Instructions for the task
Repeat the records below exactly as they appear, leaving out any pictures.
Content starts
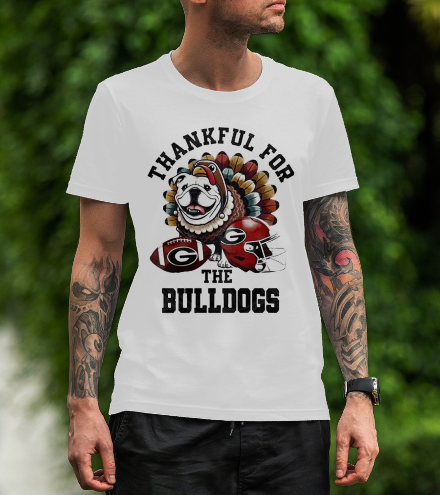 Thankful For The Bulldogs Georgia Bulldogs Football Helmet And Ball Thanksgiving T-Shirt
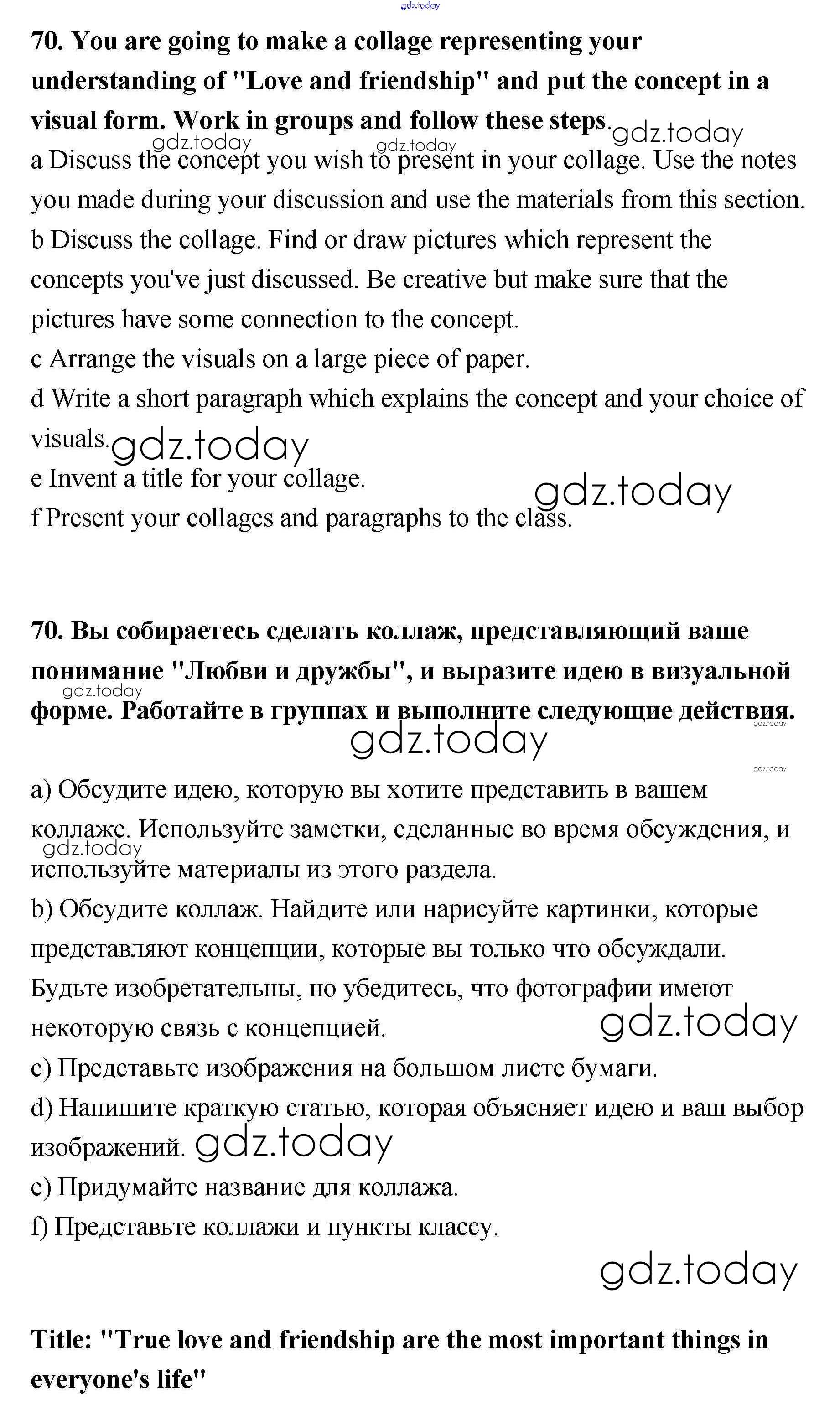 На страницах сайта gdz.today вы найдете учебный и вспомогательный материал, направленный на улучшения знаний школьной программы. ГДЗ - онлайн мир знаний Решение к Unit 4 70 Учебнику по Английскому языку для 11 класса Биболетова, Трубанева Титул Enjoy English 2015
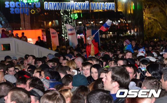 2014소치 동계올림픽 개막식이 열린 8일(한국시간) 러시아 소치 시내에서 수많은 러시아 자국민들이 대형모니터로 개막식 상황을 실시간으로 바라보고 있다.
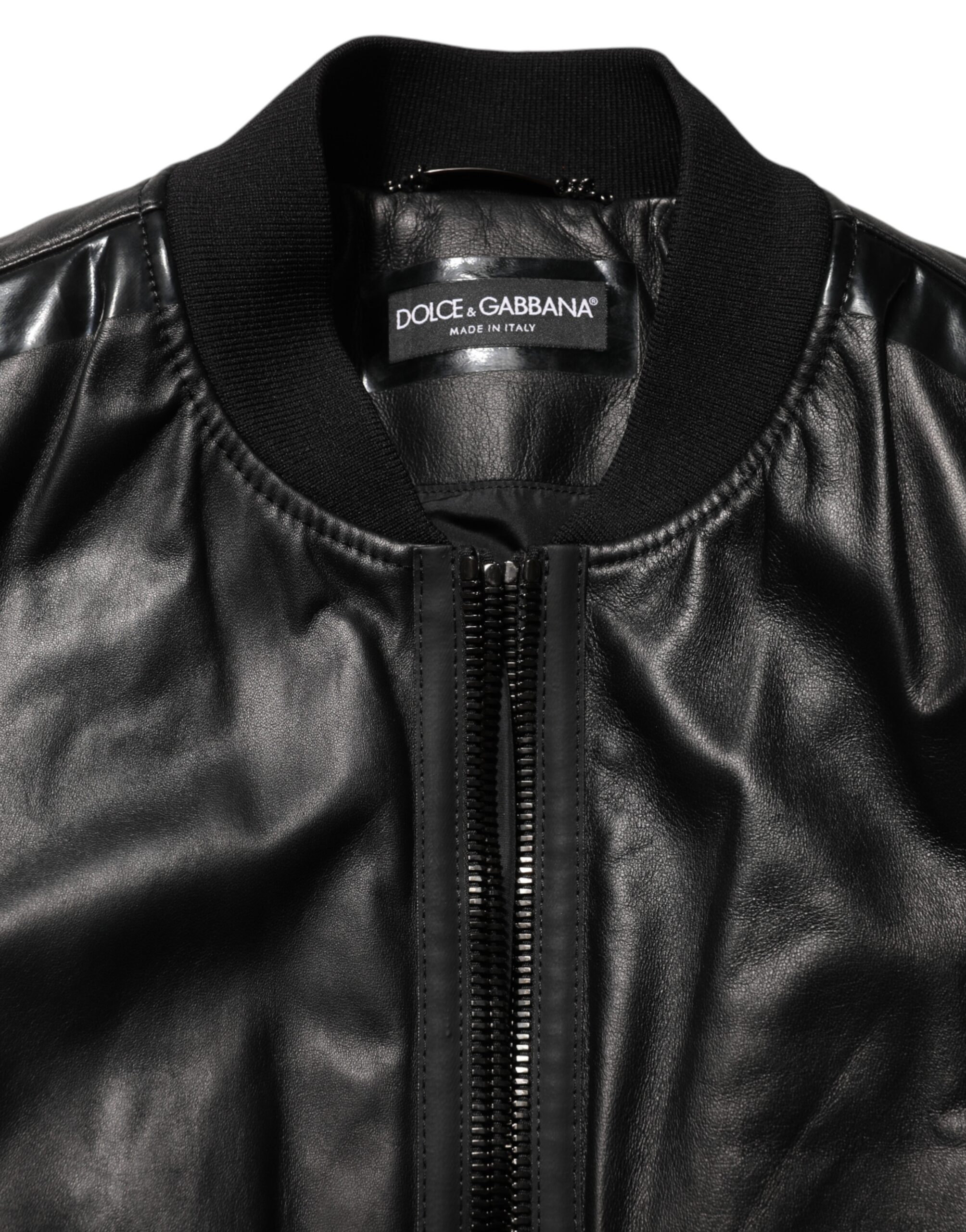 Black Leather Nylon FullZip Blouson Jacket
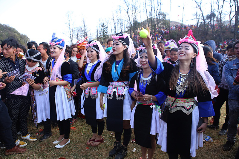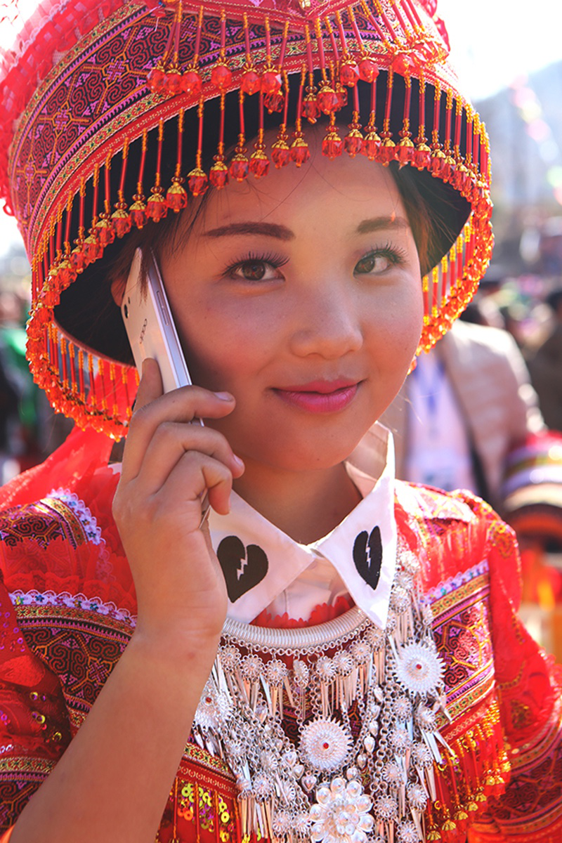 由于在歷史上經(jīng)歷長時(shí)間、大范圍的遷徙,苗族文化形成了較強(qiáng)的環(huán)境適應(yīng)能力和流動變遷特征。節(jié)日作為民族文化的凝集點(diǎn),慶祝方式和形態(tài)也處于動態(tài)的演變和傳承之中。在大布紅的花山場,一個(gè)從老撾過來的苗族女子樂隊(duì)讓當(dāng)?shù)氐拿缱迦烁械胶闷妗f著同樣的西部苗語,卻穿著略顯不同的衣服。她們排成一行,教人們一來一往地扔繡包,一時(shí)間圍觀者無數(shù)。不消多久,女子樂隊(duì)手中的CD就在人群中銷售一空。
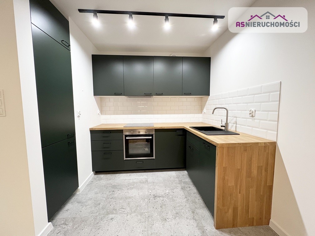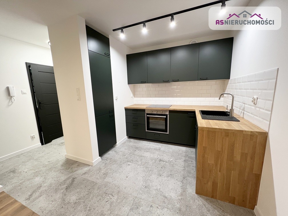 W aneksie kuchennym meble wykonane na INDYWIDUALNE zamówienie oraz nowoczesny sprzęt AGD: piekarnik, płyta indukcyjna, zmywarka i lodówka.
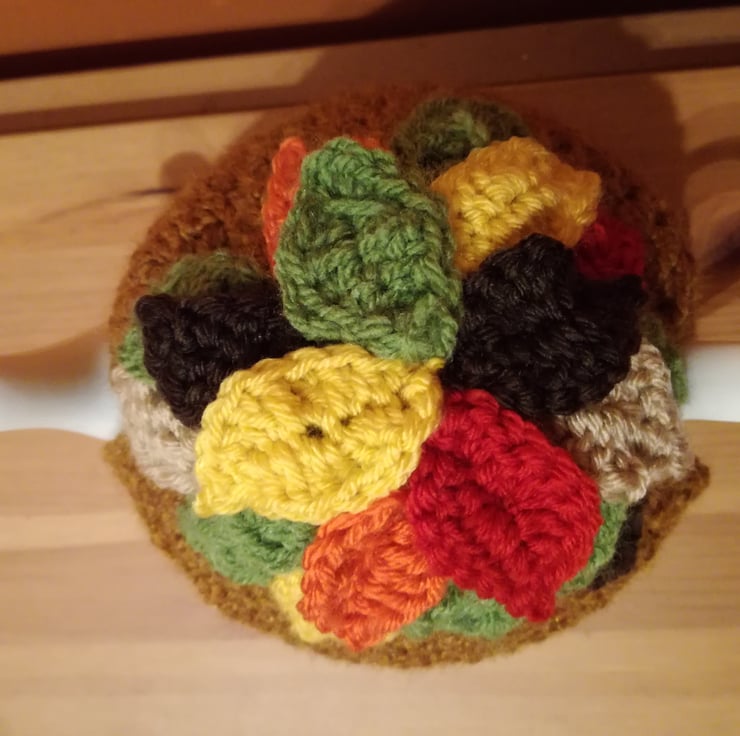 The main body is worked in crochet and finished with crochet leaves in many autumnal colours!
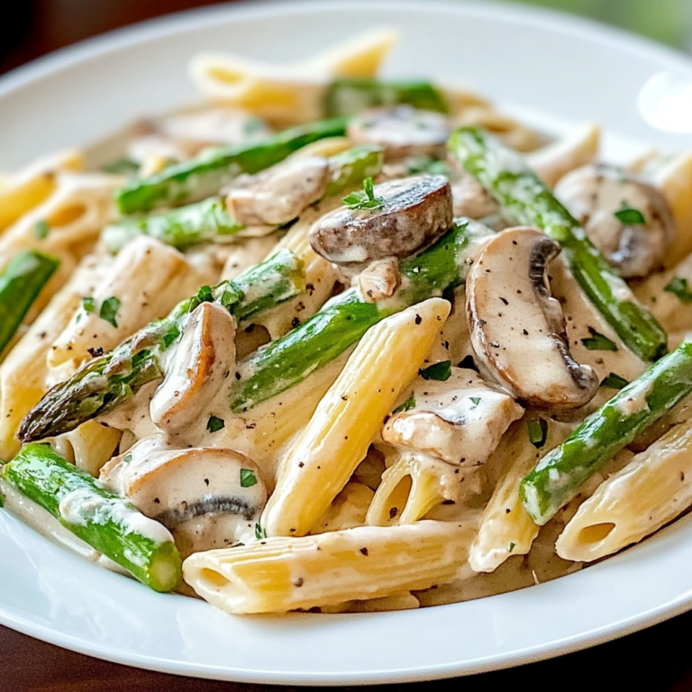 Amazing Creamy Mushroom and Asparagus Chicken Penne Delight
Content ends
Answer below
 Thankful For The Bulldogs Georgia Bulldogs Football Helmet And Ball Thanksgiving T-Shirt
 На страницах сайта gdz.today вы найдете учебный и вспомогательный материал, направленный на улучшения знаний школьной программы. ГДЗ - онлайн мир знаний Решение к Unit 4 70 Учебнику по Английскому языку для 11 класса Биболетова, Трубанева Титул Enjoy English 2015
 2014소치 동계올림픽 개막식이 열린 8일(한국시간) 러시아 소치 시내에서 수많은 러시아 자국민들이 대형모니터로 개막식 상황을 실시간으로 바라보고 있다.
 Black Leather Nylon FullZip Blouson Jacket
 由于在歷史上經(jīng)歷長時(shí)間、大范圍的遷徙,苗族文化形成了較強(qiáng)的環(huán)境適應(yīng)能力和流動變遷特征。節(jié)日作為民族文化的凝集點(diǎn),慶祝方式和形態(tài)也處于動態(tài)的演變和傳承之中。在大布紅的花山場,一個(gè)從老撾過來的苗族女子樂隊(duì)讓當(dāng)?shù)氐拿缱迦烁械胶闷妗f著同樣的西部苗語,卻穿著略顯不同的衣服。她們排成一行,教人們一來一往地扔繡包,一時(shí)間圍觀者無數(shù)。不消多久,女子樂隊(duì)手中的CD就在人群中銷售一空。
 W aneksie kuchennym meble wykonane na INDYWIDUALNE zamówienie oraz nowoczesny sprzęt AGD: piekarnik, płyta indukcyjna, zmywarka i lodówka.
 The main body is worked in crochet and finished with crochet leaves in many autumnal colours!
 Amazing Creamy Mushroom and Asparagus Chicken Penne Delight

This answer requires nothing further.